Domain-Specific Alignment
Domain-specific AI has long sought to align AI with human values in specific contexts. A widely studied example is the alignment of driverless cars with safety considerations. The Moral Machine experiment, which crowdsourced human judgment on ethical dilemmas faced by autonomous vehicles, highlights the challenge of encoding diverse human preferences. Given moral dilemmas where not everyone in an accident can be saved, participants were asked to choose between sacrificing passengers or pedestrians, often choosing to save children and pregnant women over others. Whether or not driverless cars can function well enough to take these preferences into consideration, the "alignment" of driverless cars is a narrow enough scope for reasonable study. Despite the inherent challenges of modeling diverse human values, the narrow focus on driverless cars' alignment makes the task more feasible.
As AI continues to be applied in various fields, ensuring that AI is beneficial for humanity will require alignment in those specific contexts. Social media recommendation algorithms should be aligned to prioritize users' mental health, autonomous vehicles should be aligned to prioritize safety, and medical diagnostic AI should be aligned to prioritize patient well-being. While progress in LLMs and chatbot alignment is impressive, focusing on aligning AI with human values in specific applications will allow for the use of domain-specific knowledge and regulation to ensure that AI technologies serve human interests effectively.
TL;DR
The "superalignment" problem is unreasonable given the complexity of human values, the vast space of possible scenarios, and the framing around a singular superintelligent AI. Instead, aligning specific AI with human values in application domains, such as driverless cars or social media recommendation algorithms, is a more feasible and effective approach to ensuring that AI technologies serve human interests.

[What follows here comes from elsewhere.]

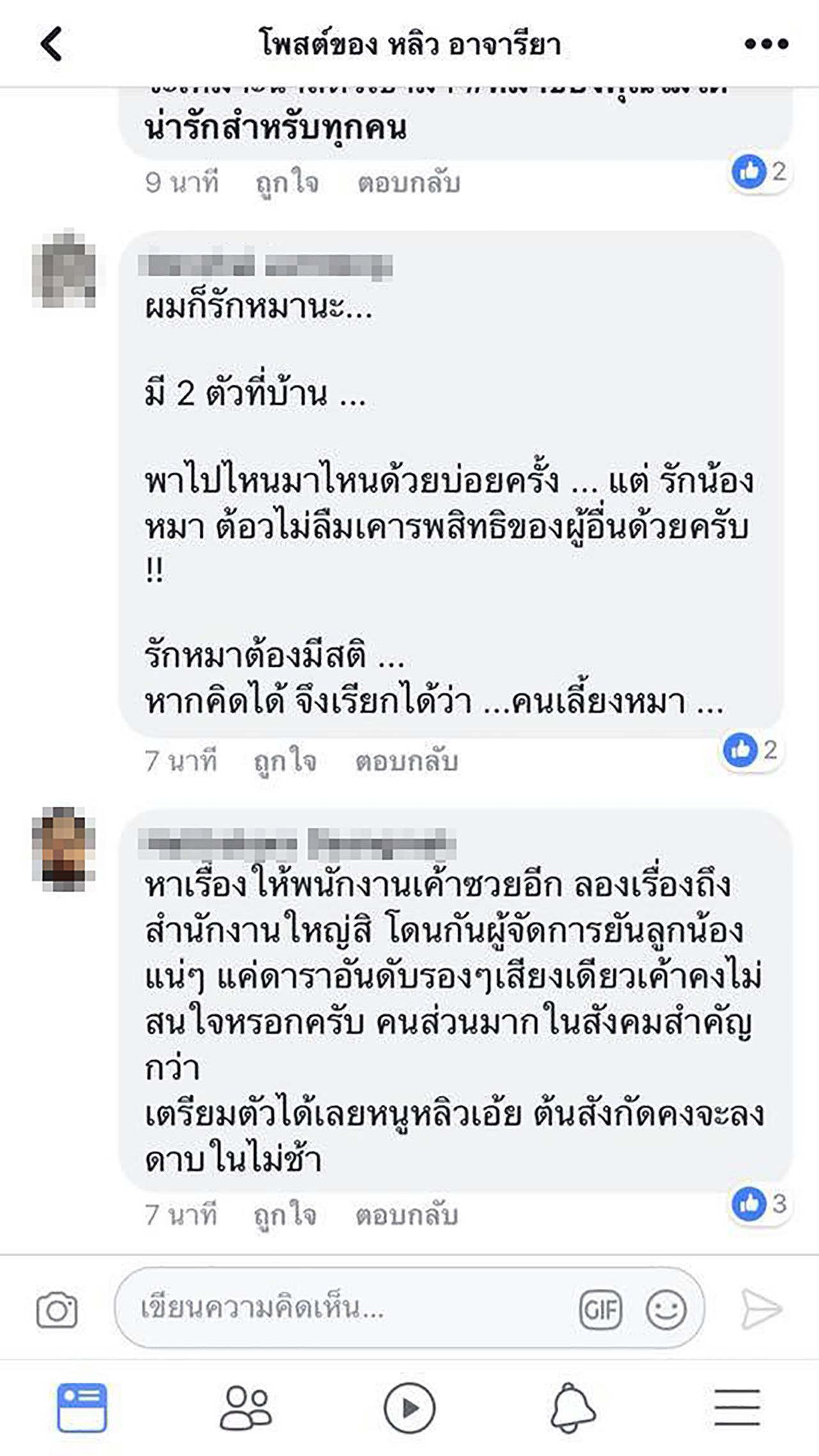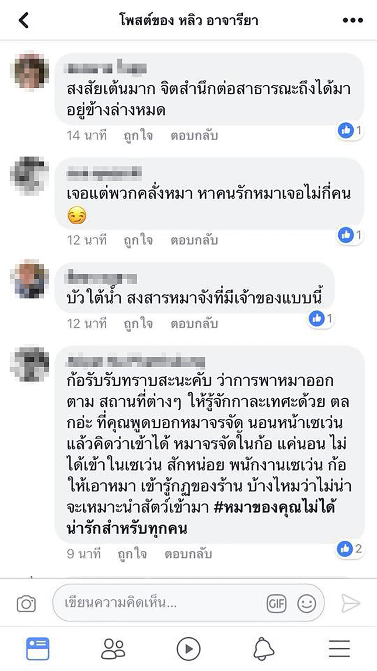แต่ก็ยังมีชาวเน็ตบางกลุ่มที่ยังคงวิจารณ์พฤติกรรมของนักร้องสาวอย่างต่อเนื่อง เพราะก่อนหน้านี้ สาวหลิวได้ออกมาบอกว่า สุนัขจรจัดยังนอนได้ ทำไมสุนัขของตนจะเข้าไม่ได้ จนคนเข้ามาคอมเมนต์มากมาย พร้อมติดแท็กว่า #หมาของคุณไม่ได้น่ารักสำหรับทุกคน

Yes. Concisely, imagine the people who have historically chosen to be martyrs for whatever reason. Now suppose that their martyrdom was 'generally good'. How can an AGI or ASI be reconciled with aligning with those values? It's an impossible problem to solve. It may be either impossible to reconcile those values as a reward, or extremely harmful to the model and society.
In other areas (theoretical computer science), imagine a model that uses abstract rewriting system (ARS) capabilities and confluence to self-exfiltrate. If that model is then bound by another model or a malicious human, its policy or alignment set can be completely distorted or used in unintended ways.
There are still too many things that seem to me to be inconsistent with the superalignment project.
Personally, I believe that a "strong-to-weak" approach might actually be more fruitful. That is, using an extremely sophisticated system in a closed and secure environment to train less sophisticated systems that are open to the public. While this approach still has challenges, these challenges are more about cybersecurity and technology than "value" issues, assuming that the strong agent can distill the bad outputs from a less sophisticated model. Again, this is just a raw idea, but I personally believe it is more fruitful than the "weak-to-strong" generalization approach, which assumes we can safely face a deployed superintelligence trained with weaker agents.